= Beginning of Section =

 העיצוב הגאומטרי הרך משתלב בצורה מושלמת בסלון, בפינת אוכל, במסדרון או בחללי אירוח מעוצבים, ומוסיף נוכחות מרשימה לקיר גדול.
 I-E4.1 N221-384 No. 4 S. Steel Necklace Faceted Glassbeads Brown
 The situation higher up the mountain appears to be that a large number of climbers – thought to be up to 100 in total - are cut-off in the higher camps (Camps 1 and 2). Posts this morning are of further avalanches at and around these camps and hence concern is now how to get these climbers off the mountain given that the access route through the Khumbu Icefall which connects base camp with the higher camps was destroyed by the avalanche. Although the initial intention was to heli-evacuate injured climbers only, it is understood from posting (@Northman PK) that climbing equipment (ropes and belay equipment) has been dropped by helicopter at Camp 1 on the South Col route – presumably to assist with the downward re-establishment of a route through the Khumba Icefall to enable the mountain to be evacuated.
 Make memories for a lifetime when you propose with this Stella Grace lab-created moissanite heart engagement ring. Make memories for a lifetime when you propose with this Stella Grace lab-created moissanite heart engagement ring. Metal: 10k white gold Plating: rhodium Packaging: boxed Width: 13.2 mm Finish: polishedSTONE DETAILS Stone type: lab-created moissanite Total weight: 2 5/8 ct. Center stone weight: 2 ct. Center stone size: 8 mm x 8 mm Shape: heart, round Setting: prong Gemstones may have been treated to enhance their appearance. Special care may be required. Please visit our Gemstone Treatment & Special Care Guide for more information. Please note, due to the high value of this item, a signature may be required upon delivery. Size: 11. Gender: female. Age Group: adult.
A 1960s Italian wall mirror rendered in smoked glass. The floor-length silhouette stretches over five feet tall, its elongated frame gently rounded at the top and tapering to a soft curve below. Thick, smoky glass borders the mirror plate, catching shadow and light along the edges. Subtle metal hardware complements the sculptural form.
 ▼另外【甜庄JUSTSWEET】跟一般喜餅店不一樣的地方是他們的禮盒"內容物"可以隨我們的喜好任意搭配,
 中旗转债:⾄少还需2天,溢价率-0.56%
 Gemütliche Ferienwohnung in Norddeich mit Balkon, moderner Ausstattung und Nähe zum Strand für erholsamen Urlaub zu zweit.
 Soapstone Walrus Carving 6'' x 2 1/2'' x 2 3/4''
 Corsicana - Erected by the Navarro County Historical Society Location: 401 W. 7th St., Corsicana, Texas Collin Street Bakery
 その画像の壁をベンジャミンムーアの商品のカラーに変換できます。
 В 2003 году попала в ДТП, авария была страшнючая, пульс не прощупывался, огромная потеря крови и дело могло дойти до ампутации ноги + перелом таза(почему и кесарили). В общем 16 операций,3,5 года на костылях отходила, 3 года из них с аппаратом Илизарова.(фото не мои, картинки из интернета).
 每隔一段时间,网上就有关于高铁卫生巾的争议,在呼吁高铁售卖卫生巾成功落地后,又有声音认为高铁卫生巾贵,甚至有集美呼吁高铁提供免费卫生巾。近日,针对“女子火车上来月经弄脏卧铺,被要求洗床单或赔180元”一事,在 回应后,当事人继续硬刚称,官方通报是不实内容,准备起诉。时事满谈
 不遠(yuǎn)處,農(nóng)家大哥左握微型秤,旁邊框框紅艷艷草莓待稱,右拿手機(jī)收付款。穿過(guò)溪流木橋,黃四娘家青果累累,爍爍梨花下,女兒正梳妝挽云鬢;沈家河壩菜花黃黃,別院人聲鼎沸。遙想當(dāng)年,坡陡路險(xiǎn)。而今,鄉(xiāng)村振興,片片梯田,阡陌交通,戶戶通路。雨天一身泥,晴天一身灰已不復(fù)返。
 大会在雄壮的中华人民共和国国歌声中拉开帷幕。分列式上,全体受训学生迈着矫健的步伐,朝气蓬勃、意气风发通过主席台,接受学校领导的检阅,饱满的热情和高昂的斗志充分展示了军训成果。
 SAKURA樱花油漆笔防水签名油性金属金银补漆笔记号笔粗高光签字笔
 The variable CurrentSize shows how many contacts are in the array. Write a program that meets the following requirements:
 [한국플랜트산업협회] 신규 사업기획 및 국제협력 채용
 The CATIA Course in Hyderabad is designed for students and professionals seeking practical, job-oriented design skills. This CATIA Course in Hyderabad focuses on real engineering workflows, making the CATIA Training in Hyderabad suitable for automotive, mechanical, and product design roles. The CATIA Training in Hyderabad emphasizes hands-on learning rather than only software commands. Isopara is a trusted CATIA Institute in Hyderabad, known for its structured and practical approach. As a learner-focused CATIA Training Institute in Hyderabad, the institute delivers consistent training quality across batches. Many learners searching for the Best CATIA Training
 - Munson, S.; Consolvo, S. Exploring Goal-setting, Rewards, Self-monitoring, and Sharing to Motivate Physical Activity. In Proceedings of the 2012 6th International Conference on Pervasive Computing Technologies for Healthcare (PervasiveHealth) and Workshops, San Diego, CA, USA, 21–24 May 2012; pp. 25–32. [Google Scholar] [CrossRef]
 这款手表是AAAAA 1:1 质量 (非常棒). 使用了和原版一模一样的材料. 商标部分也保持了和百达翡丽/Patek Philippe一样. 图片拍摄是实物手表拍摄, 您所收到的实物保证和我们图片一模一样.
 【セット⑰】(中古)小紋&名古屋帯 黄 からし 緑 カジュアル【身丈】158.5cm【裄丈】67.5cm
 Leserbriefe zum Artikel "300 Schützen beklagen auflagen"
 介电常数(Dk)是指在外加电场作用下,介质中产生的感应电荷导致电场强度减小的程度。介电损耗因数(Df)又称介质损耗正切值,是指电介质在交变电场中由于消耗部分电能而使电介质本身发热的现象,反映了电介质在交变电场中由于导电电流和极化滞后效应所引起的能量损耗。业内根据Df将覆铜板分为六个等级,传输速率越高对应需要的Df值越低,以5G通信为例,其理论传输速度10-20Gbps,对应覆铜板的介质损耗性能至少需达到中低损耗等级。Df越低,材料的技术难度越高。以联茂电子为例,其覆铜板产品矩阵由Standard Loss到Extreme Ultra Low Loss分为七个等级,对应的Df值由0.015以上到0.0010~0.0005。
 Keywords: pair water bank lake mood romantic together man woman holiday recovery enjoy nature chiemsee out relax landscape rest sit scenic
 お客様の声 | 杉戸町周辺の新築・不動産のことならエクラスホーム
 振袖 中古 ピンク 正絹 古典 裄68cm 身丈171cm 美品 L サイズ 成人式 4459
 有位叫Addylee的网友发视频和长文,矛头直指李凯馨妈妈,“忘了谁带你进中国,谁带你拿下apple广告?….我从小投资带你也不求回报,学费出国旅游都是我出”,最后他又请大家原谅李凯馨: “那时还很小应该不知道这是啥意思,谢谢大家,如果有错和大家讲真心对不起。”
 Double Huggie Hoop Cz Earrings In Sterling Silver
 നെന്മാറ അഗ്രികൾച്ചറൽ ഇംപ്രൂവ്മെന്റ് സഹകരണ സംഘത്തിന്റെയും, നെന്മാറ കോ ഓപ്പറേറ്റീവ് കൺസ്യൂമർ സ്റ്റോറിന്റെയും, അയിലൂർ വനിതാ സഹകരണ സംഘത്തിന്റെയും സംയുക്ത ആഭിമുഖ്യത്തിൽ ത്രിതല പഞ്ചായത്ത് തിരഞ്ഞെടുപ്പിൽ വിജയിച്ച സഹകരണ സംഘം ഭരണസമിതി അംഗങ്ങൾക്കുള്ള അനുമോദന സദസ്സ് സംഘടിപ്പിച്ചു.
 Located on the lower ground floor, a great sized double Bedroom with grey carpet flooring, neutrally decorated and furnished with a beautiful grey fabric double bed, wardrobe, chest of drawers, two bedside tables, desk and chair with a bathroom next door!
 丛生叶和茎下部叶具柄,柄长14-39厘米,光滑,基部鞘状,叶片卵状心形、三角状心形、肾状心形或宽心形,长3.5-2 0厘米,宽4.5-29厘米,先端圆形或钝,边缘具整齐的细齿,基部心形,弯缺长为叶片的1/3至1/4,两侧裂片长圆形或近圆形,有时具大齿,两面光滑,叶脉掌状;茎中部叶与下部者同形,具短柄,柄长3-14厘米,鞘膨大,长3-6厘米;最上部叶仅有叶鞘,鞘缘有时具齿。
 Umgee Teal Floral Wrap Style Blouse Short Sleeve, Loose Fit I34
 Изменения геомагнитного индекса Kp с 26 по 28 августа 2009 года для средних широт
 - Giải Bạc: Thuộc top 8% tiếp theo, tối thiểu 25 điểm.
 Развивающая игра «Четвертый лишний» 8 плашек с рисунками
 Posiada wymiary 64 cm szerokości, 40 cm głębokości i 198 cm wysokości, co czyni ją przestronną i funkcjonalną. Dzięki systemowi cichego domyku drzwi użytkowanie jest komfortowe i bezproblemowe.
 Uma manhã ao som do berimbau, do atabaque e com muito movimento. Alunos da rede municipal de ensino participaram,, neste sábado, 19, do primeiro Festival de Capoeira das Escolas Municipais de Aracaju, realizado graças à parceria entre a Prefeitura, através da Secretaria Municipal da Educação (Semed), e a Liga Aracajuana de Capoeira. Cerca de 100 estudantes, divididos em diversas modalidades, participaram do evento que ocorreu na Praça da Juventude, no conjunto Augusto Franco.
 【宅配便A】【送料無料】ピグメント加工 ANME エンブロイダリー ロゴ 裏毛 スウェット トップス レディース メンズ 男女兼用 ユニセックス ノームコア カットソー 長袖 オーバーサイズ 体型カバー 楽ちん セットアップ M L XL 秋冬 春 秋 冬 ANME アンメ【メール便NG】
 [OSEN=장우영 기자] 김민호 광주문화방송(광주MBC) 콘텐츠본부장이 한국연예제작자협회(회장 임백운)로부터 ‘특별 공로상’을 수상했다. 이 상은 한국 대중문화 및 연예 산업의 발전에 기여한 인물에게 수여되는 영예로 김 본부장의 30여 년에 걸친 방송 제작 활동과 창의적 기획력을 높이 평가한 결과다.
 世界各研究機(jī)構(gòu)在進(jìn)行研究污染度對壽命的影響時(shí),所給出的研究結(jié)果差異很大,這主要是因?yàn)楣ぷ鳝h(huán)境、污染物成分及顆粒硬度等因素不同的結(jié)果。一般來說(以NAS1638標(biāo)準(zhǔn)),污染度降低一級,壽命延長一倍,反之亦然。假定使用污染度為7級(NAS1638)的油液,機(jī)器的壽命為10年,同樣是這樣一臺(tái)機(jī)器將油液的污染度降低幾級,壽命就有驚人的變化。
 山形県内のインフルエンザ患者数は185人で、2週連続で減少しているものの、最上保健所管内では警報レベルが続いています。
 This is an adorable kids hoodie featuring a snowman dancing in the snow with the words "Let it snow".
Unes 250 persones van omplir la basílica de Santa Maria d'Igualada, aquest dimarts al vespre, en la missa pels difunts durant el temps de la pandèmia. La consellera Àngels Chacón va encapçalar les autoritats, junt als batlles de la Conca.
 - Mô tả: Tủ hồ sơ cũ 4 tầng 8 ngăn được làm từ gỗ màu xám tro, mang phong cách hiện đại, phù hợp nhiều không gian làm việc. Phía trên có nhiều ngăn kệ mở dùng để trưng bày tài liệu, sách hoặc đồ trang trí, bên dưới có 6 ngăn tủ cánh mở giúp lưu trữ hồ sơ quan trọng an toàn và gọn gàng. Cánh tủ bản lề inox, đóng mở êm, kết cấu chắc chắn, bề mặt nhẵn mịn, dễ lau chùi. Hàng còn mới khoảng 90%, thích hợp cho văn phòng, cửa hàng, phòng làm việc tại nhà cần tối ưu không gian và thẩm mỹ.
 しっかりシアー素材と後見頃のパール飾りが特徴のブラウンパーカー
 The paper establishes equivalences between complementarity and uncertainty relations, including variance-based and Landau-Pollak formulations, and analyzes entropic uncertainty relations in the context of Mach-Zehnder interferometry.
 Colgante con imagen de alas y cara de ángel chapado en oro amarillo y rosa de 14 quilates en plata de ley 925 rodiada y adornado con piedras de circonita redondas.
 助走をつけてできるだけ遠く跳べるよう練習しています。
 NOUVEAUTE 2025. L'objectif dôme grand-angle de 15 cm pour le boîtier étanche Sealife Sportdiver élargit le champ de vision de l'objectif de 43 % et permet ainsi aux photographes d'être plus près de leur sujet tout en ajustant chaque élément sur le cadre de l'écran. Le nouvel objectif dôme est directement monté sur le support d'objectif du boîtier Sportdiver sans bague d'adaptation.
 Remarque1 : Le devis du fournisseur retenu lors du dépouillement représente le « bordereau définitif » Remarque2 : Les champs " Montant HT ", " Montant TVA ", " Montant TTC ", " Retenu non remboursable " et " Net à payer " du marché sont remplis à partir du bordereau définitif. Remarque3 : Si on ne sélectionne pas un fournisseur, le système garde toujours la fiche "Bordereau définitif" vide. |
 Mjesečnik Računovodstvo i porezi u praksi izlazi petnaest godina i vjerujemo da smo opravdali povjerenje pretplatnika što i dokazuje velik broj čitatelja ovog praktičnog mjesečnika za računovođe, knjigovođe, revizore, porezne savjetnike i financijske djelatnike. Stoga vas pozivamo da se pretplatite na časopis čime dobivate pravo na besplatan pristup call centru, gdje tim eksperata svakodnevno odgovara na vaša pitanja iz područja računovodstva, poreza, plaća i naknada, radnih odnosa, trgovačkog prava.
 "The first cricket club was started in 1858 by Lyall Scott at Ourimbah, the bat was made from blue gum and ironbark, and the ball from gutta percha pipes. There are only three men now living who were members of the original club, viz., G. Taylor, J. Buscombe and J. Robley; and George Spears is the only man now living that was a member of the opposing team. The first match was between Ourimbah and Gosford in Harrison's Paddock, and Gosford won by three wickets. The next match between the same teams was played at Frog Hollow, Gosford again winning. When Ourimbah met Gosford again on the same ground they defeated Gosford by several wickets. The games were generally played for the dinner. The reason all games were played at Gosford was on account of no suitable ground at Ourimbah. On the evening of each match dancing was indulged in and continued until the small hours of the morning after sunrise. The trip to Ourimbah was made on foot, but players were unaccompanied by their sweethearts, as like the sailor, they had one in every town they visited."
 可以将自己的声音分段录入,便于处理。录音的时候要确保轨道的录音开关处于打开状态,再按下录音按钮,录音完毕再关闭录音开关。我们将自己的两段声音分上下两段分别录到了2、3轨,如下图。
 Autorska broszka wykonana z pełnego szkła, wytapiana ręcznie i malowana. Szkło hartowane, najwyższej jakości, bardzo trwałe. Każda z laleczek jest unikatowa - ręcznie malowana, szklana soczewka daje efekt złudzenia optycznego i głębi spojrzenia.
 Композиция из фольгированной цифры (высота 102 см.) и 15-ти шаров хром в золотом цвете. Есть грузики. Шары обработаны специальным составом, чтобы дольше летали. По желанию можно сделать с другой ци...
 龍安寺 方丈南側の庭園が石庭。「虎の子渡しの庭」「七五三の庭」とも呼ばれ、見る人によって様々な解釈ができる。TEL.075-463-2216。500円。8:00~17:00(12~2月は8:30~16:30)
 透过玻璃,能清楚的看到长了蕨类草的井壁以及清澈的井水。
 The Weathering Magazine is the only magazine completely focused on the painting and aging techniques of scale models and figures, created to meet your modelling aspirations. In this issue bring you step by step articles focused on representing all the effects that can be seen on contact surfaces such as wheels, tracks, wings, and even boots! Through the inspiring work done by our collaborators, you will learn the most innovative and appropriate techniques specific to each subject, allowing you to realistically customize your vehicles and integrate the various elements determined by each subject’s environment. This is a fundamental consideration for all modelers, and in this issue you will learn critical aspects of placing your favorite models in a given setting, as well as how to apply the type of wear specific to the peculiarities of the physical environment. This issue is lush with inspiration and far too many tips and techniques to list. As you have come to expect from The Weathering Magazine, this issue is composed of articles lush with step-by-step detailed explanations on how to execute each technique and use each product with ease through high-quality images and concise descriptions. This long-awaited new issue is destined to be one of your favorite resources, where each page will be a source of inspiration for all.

= End of Section =

→ What you need to do: A verbatim transcription is needed of the lines above, starting at the line with "お客様の声 | 杉戸町周辺の新築・不動産のことならエクラスホーム" and ending at the line with "Located on the", both included, and of nothing else.

→ Exercise output:
 お客様の声 | 杉戸町周辺の新築・不動産のことならエクラスホーム
 振袖 中古 ピンク 正絹 古典 裄68cm 身丈171cm 美品 L サイズ 成人式 4459
 有位叫Addylee的网友发视频和长文,矛头直指李凯馨妈妈,“忘了谁带你进中国,谁带你拿下apple广告?….我从小投资带你也不求回报,学费出国旅游都是我出”,最后他又请大家原谅李凯馨: “那时还很小应该不知道这是啥意思,谢谢大家,如果有错和大家讲真心对不起。”
 Double Huggie Hoop Cz Earrings In Sterling Silver
 നെന്മാറ അഗ്രികൾച്ചറൽ ഇംപ്രൂവ്മെന്റ് സഹകരണ സംഘത്തിന്റെയും, നെന്മാറ കോ ഓപ്പറേറ്റീവ് കൺസ്യൂമർ സ്റ്റോറിന്റെയും, അയിലൂർ വനിതാ സഹകരണ സംഘത്തിന്റെയും സംയുക്ത ആഭിമുഖ്യത്തിൽ ത്രിതല പഞ്ചായത്ത് തിരഞ്ഞെടുപ്പിൽ വിജയിച്ച സഹകരണ സംഘം ഭരണസമിതി അംഗങ്ങൾക്കുള്ള അനുമോദന സദസ്സ് സംഘടിപ്പിച്ചു.
 Located on the lower ground floor, a great sized double Bedroom with grey carpet flooring, neutrally decorated and furnished with a beautiful grey fabric double bed, wardrobe, chest of drawers, two bedside tables, desk and chair with a bathroom next door!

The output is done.